What is needed: What you return must match the records below exactly, apart from the omitted pictures.
Records shown START
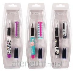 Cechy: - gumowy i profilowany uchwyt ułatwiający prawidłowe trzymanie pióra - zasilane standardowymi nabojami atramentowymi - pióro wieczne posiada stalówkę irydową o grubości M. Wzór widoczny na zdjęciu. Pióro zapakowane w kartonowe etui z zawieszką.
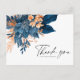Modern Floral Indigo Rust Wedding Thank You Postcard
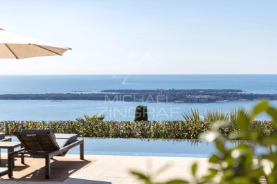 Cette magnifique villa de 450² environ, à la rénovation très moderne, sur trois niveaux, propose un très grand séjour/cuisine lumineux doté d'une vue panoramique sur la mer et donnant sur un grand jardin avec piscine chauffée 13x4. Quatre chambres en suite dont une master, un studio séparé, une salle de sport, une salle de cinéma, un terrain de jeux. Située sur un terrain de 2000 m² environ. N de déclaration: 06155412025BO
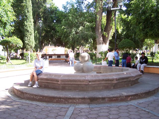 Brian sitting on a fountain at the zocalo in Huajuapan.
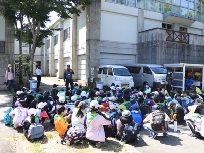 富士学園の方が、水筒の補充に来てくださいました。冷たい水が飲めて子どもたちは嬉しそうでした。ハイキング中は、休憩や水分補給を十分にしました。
Records shown END
Result for this task:
 Cechy: - gumowy i profilowany uchwyt ułatwiający prawidłowe trzymanie pióra - zasilane standardowymi nabojami atramentowymi - pióro wieczne posiada stalówkę irydową o grubości M. Wzór widoczny na zdjęciu. Pióro zapakowane w kartonowe etui z zawieszką.
Modern Floral Indigo Rust Wedding Thank You Postcard
 Cette magnifique villa de 450² environ, à la rénovation très moderne, sur trois niveaux, propose un très grand séjour/cuisine lumineux doté d'une vue panoramique sur la mer et donnant sur un grand jardin avec piscine chauffée 13x4. Quatre chambres en suite dont une master, un studio séparé, une salle de sport, une salle de cinéma, un terrain de jeux. Située sur un terrain de 2000 m² environ. N de déclaration: 06155412025BO
 Brian sitting on a fountain at the zocalo in Huajuapan.
 富士学園の方が、水筒の補充に来てくださいました。冷たい水が飲めて子どもたちは嬉しそうでした。ハイキング中は、休憩や水分補給を十分にしました。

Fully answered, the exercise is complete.